American novelist (1858–1947)

Alice L. MacGowan (December 10, 1858 – March 10, 1947) was an American writer. She and her sister Grace MacGowan Cooke wrote more than 30 novels, about a hundred short stories, and some poetry. Alice produced several best sellers, including Two by Two, that was serialized in the Saturday Evening Post and was published in 1922 in New York under the title The Million Dollar Suitcase.

==Early years==
She was born in Perrysburg, Ohio, the daughter of John Encil MacGowan and Malvina Marie Johnson. The family moved to Chattanooga, Tennessee, where her sister Grace was born. Alice was educated in public schools in addition to being home schooled by her father, a Colonel with the Union Army during the American Civil War and editor of the Chattanooga Times from 1872 to 1903.

Grace married William Benjamin Cooke on February 16, 1887, in Hamilton, Tennessee. They had two children, Helen M. and Katharine (or "Kit").

Alice was living with her sister at Upton Sinclair's Helicon Home Colony in 1907 when it burned to the ground. Both were taken to Englewood Hospital to recover.

==Career==
Alice became a writer of short stories and novels, while collaborating with her sister Grace on most of her works. Together they would write over 30 novels, about a hundred short stories, and some poetry. Alice lived in Texas working as a governess.

In December 1908, the MacGowan sisters, with Helen and Katherine, and their mother moved to the semi-remote colony of artists and literati at Carmel-by-the-Sea, California.

The house is listed on the Carmel Inventory Of Historic Resources.

The sisters apparently avoided the more lascivious activities of this Bohemian enclave because a satirical commentator from the Los Angeles Times placed Alice and Grace in the "social faction" known as the "Eminently Respectables". As if to reinforce this image the Times described a 1911 Carmel Christmas party where Jack London, the MacGowan sisters, and the “diminutive dog” Fluffy Ruffles sat at the same table eating lady fingers. Alice actively supported various local charities as well as the Carmel Arts and Crafts Club, and fought the removal of village trees, the paving of the quaint gravel streets and all “encroachments ... of an advancing civilization.”

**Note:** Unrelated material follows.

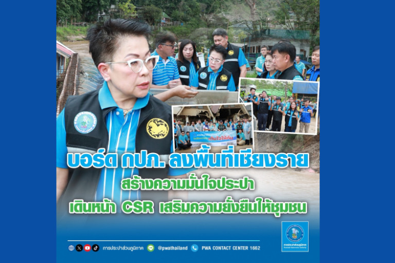 คณะกรรมการ อนุกรรมการ และผู้บริหารการประปาส่วนภูมิภาค (กปภ.) ลงพื้นที่จังหวัดเชียงราย ติดตามสถานการณ์ในพื้นที่ที่ได้รับผลกระทบจากอุทกภัยและการปนเปื้อนของสารพิษในแม่น้ำกกซึ่งเป็นแหล่งน้ำดิบสำคัญสำหรับการผลิตน้ำประปา พร้อมพบปะชุมชนและดำเนินกิจกรรม CSR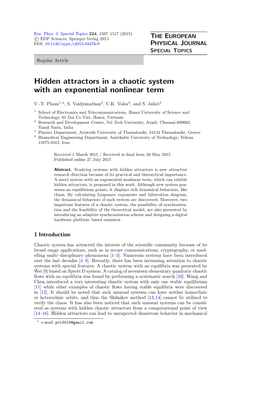 V.-T. Pham 1,a , S. Vaidyanathan 2 , C.K. Volos 3 , and S. Jafari 4

The two sisters stopped writing together around 1910.

In May 1914, just two months before the start of the highly publicized William Merritt Chase summer school of art in Carmel, the San Francisco press and the New York Times reported that Alice had been intentionally poisoned at her home. The respected Carmel artist Jennie V. Cannon recounted that there had been several previous attempts to murder Alice, who “was popular with everybody.” The perpetrators were never caught.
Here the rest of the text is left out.